The accusation comes as special counsel Robert Mueller concluded his investigation without charging any U.S. citizen with a collusion-related crime, though six Trump associates were charged for unrelated criminal offenses.

“There’s a difference between compelling evidence of collusion and whether the special counsel concludes that he can prove beyond a reasonable doubt the criminal charge of conspiracy,” Schiff told ABC’s George Stephanopoulos.

“I have trust in [Mueller’s] prosecutorial judgment,” Schiff added. “But that doesn’t mean, of course, that there isn’t compelling and incriminating evidence that should be shared with the American people.”

Schiff listed several episodes as substantiating the collusion charge, including the June 2016 Trump Tower meeting between campaign officials and a Kremlin-aligned lawyer, former National Security Adviser Michael Flynn’s post-election conversations with Russian Ambassador Sergey Kislyak and erstwhile Trump confidant Roger Stone’s communications with WikiLeaks.

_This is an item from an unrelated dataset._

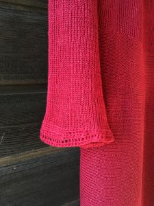 Den ser ut att vara cerise, men är bordeaux. Stickad i 100% lin. En helt underbar modell med V-ringad hals, klockad kjol i klassisk modell och lite utställda trekvartslånga ärmar. Precis rätt för kvinnan som äger den! Vad är det som gör en klänning precis rätt för dig?

The conduct underlying those widely reported episodes did not result in criminal indictments, though Flynn and Stone were charged with various process crimes. Mueller’s investigation, at Schiff’s urging, of Donald Trump Jr., Erik Prince and Jared Kushner for lying to Congress also concluded without indictments. (RELATED: Tucker Calls For Roger Stone Pardon)

WATCH the interview:

Attorney General William Barr will deliver a top line summary of Mueller’s report to Congress on Sunday. It is not yet clear whether Congress or the public will have access to Mueller’s report in full. In a Friday letter to relevant committee chairmen, Barr said he would make decisions as to disclosure consistent with the law and DOJ practice.

“I remain committed to as much transparency as possible,” Barr wrote.

A related dispute as to executive privilege may follow. The White House may wish to shield portions of the report that relate to communications within the executive branch, among other subjects. Such a move is sure to draw fierce criticism from Democrats.

Whatever the particulars of the special counsel’s report, Schiff indicated that the House Intelligence Committee would continue its investigations, Mueller’s own conclusions notwithstanding.

“We have an independent obligation to share the facts with the American people,” Schiff said. “We in the Intelligence Committee have a particular obligation to determine whether there is evidence that the president may be compromised in any way, whether that is criminal or not.”

The House Judiciary Committee is separately undertaking its own wide-ranging investigation of the president.

Mueller submitted his final report to Justice Department leadership on Friday.